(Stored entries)
=-=-=-=-=

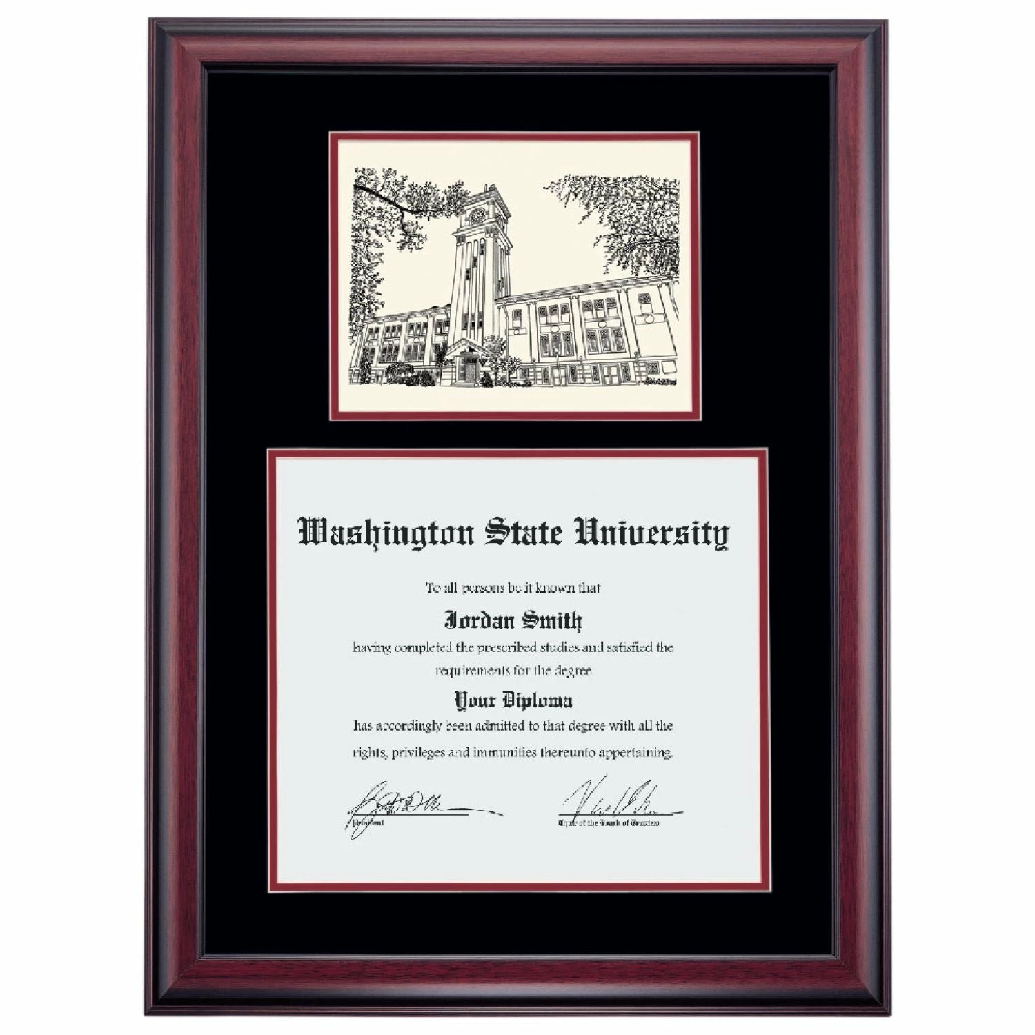 Celebrate your graduation in style with this handcrafted premier diploma frame which includes a Professional Pen & Ink Print of Bryan Hall. Custom crafted to fit your Washington State University diploma, this frame features accent matting and high quality hardwood moulding.
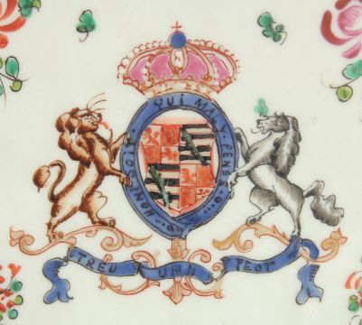 A SAMSON FAMILLE ROSE PIE-CRUST ARMORIAL DISH. 6ins diameter.
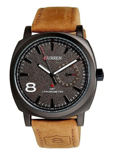 ساعة يد رجالية من الجلد مقاومة للماء موديل 8139 - 40 ملم - بني
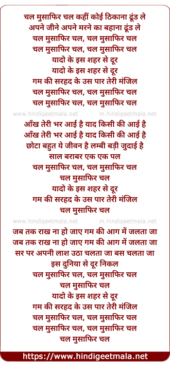 Lyrics of Chal Musafir Chal Kahin Koi Thikana Dhundh Le - चल मुसाफिर चल कहीं कोई ठिकाना ढूंढ ले
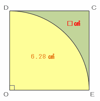 次の図の正方形DOECの面積は8㎠、そしておうぎ形ODEの面積は6.28㎠なので、この問題で求めたい緑色の部分の面積は8-6.28=1.72㎠になります。
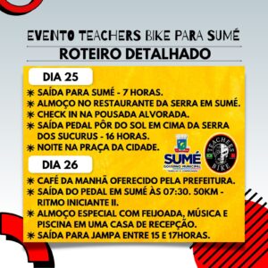 O município de Sumé receberá neste fim de semana (25 e 26) pela segunda vez o Teachers Bike: Pedalando em Sumé, um evento que reúne 34 ciclistas de João Pessoa que virão pedalar com cliclista de Sumé.
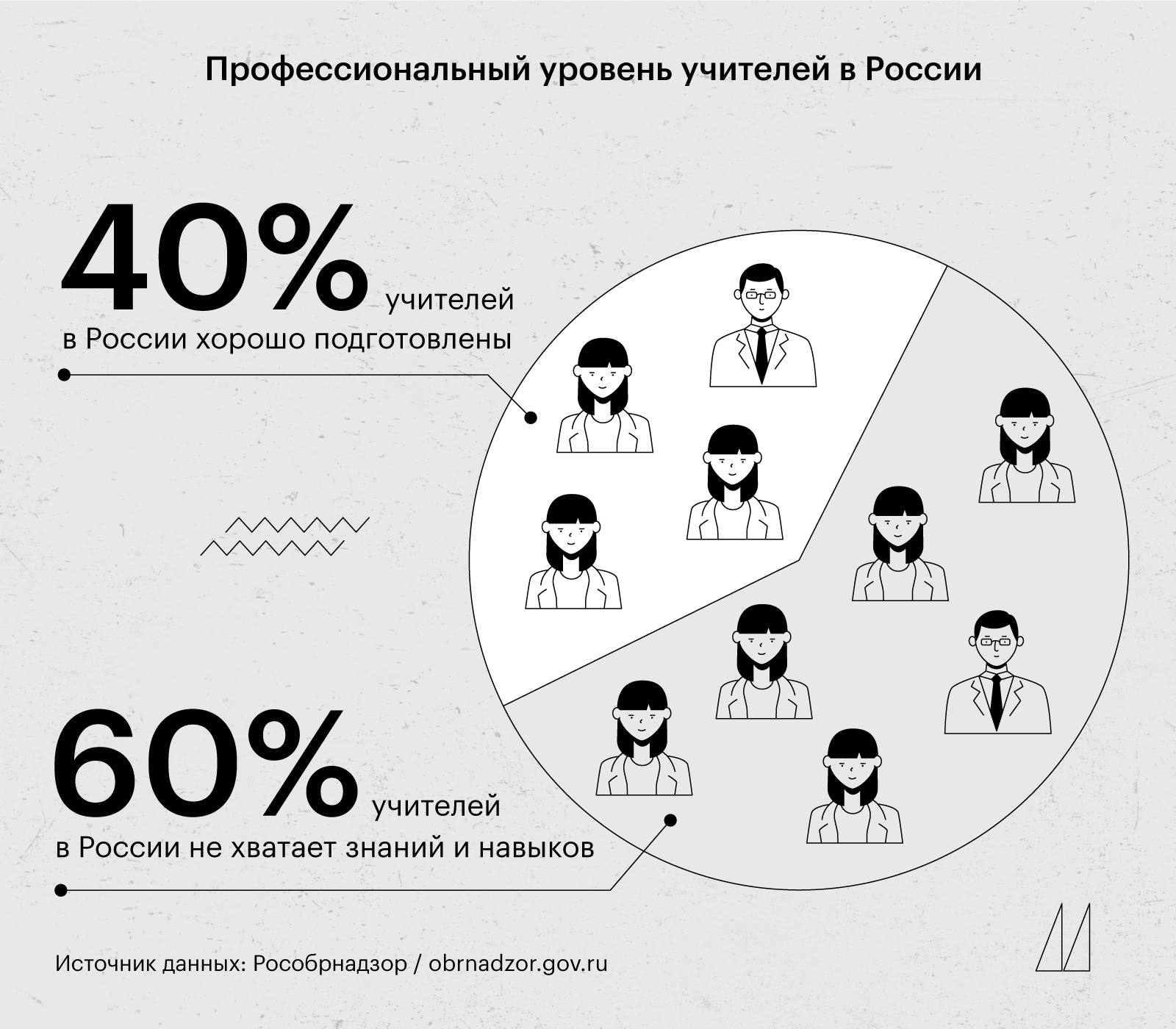 Глава Рособрнадзора Анзор Музаев в июне озвучил данные анализа оценки компетенций школьных учителей (исследование велось в течение трёх лет). Оказалось, что достаточно хорошо подготовлена меньшая часть педагогов, а большинство — «чуть-чуть не дотягивает», им не хватает предметной и методической подготовки
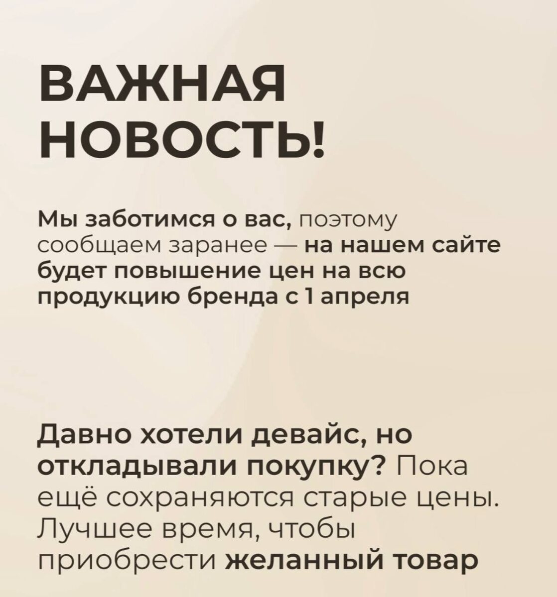 Если вы планировали дополнить свою систему ухода новым девайсом или пополнить запас нутрицевтиков, сейчас — самое рациональное время для покупки по прежним ценам.
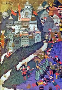 Under Ivan IV (1533–1584), the Tsardom of Russia expanded into the Volga and Caspian regions at the expense of the Tatar khanates. In 1571, the Crimean khan Devlet I Giray, commanded by the Ottomans, invaded Russia and burned Moscow.[83] The next year, the invasion was repeated but repelled at the Battle of Molodi. The Ottoman Empire and its vassal, the Crimean Khanate, continued to invade Eastern Europe in a series of slave raids,[84] and remained a significant power in Eastern Europe until the end of the 17th century.[85] The Crimean cavalry became indispensable for the Ottomans' campaigns against Russia, Poland, Hungary, and Persia.[86]
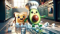 Deze scène, waarin avocado en toast dansen op een stortvloed van gesmolten ijs, biedt een pittige verfrissing. Hun ogen glinsteren van genot als ze speels tussen de ijsblokjes glijden die over de keukenvloer verspreid liggen. De zon schijnt door het raam en versterkt het gevoel van zomer en vreugde. Water spat in het rond alsof het…
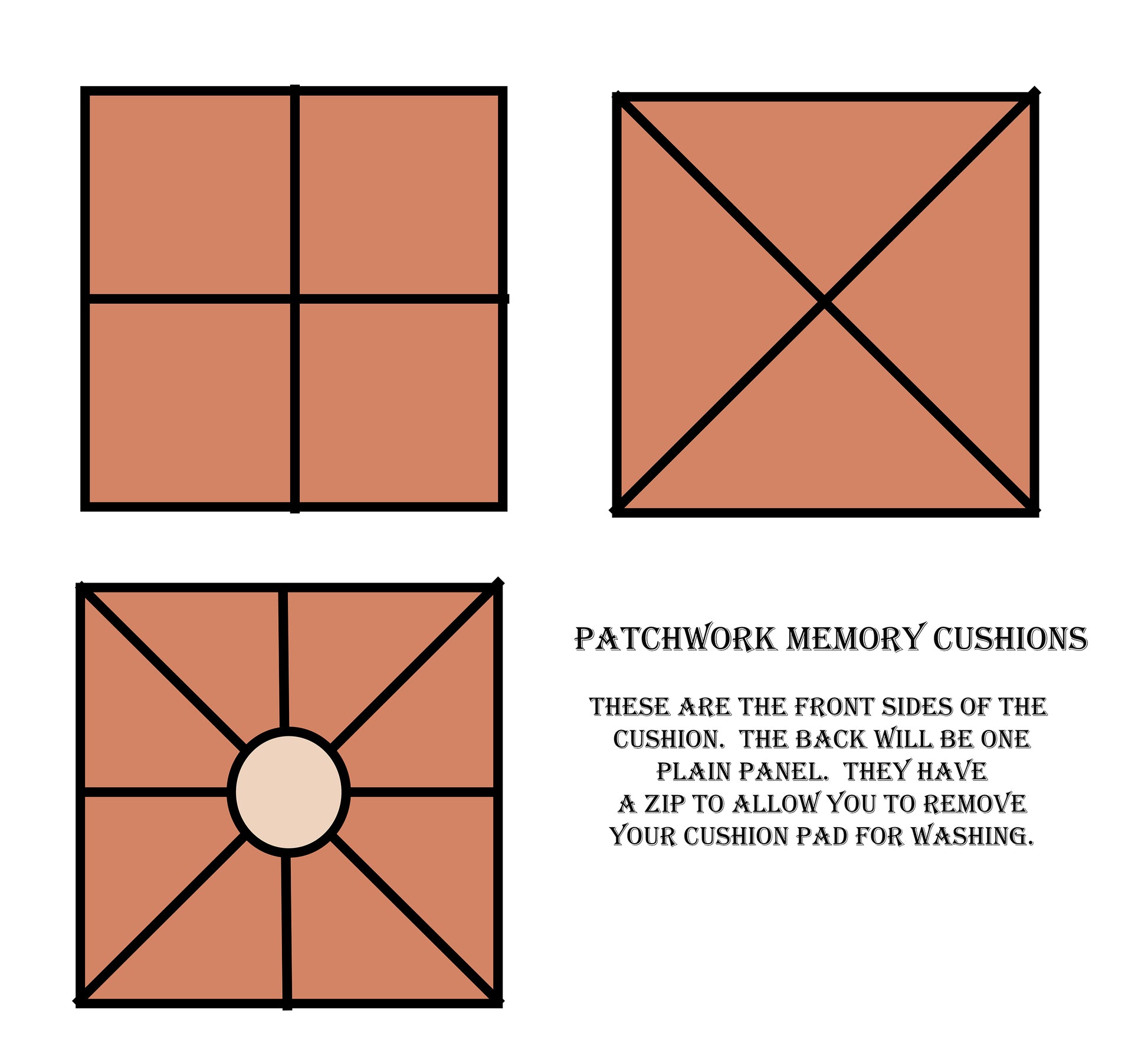 Our cushion covers can be made from the clothes of a loved one no longer here, or clothing from a special occasion. The Zipped Patchwork Cushion Cover can be made from up to 5 items of clothing - where possible I will use any decorative elements. The front face of the cover will be patchwork and the back face one single fabric. I currently create three different designs - four square, four triangle and complex.

=-=-=-=-=

# [Directions for this task]
A picture-free version of all the records, repeated exactly, is what to return.

# [Answer for this exercise]
 Celebrate your graduation in style with this handcrafted premier diploma frame which includes a Professional Pen & Ink Print of Bryan Hall. Custom crafted to fit your Washington State University diploma, this frame features accent matting and high quality hardwood moulding.
 A SAMSON FAMILLE ROSE PIE-CRUST ARMORIAL DISH. 6ins diameter.
 ساعة يد رجالية من الجلد مقاومة للماء موديل 8139 - 40 ملم - بني
 Lyrics of Chal Musafir Chal Kahin Koi Thikana Dhundh Le - चल मुसाफिर चल कहीं कोई ठिकाना ढूंढ ले
 次の図の正方形DOECの面積は8㎠、そしておうぎ形ODEの面積は6.28㎠なので、この問題で求めたい緑色の部分の面積は8-6.28=1.72㎠になります。
 O município de Sumé receberá neste fim de semana (25 e 26) pela segunda vez o Teachers Bike: Pedalando em Sumé, um evento que reúne 34 ciclistas de João Pessoa que virão pedalar com cliclista de Sumé.
 Глава Рособрнадзора Анзор Музаев в июне озвучил данные анализа оценки компетенций школьных учителей (исследование велось в течение трёх лет). Оказалось, что достаточно хорошо подготовлена меньшая часть педагогов, а большинство — «чуть-чуть не дотягивает», им не хватает предметной и методической подготовки
 Если вы планировали дополнить свою систему ухода новым девайсом или пополнить запас нутрицевтиков, сейчас — самое рациональное время для покупки по прежним ценам.
 Under Ivan IV (1533–1584), the Tsardom of Russia expanded into the Volga and Caspian regions at the expense of the Tatar khanates. In 1571, the Crimean khan Devlet I Giray, commanded by the Ottomans, invaded Russia and burned Moscow.[83] The next year, the invasion was repeated but repelled at the Battle of Molodi. The Ottoman Empire and its vassal, the Crimean Khanate, continued to invade Eastern Europe in a series of slave raids,[84] and remained a significant power in Eastern Europe until the end of the 17th century.[85] The Crimean cavalry became indispensable for the Ottomans' campaigns against Russia, Poland, Hungary, and Persia.[86]
 Deze scène, waarin avocado en toast dansen op een stortvloed van gesmolten ijs, biedt een pittige verfrissing. Hun ogen glinsteren van genot als ze speels tussen de ijsblokjes glijden die over de keukenvloer verspreid liggen. De zon schijnt door het raam en versterkt het gevoel van zomer en vreugde. Water spat in het rond alsof het…
 Our cushion covers can be made from the clothes of a loved one no longer here, or clothing from a special occasion. The Zipped Patchwork Cushion Cover can be made from up to 5 items of clothing - where possible I will use any decorative elements. The front face of the cover will be patchwork and the back face one single fabric. I currently create three different designs - four square, four triangle and complex.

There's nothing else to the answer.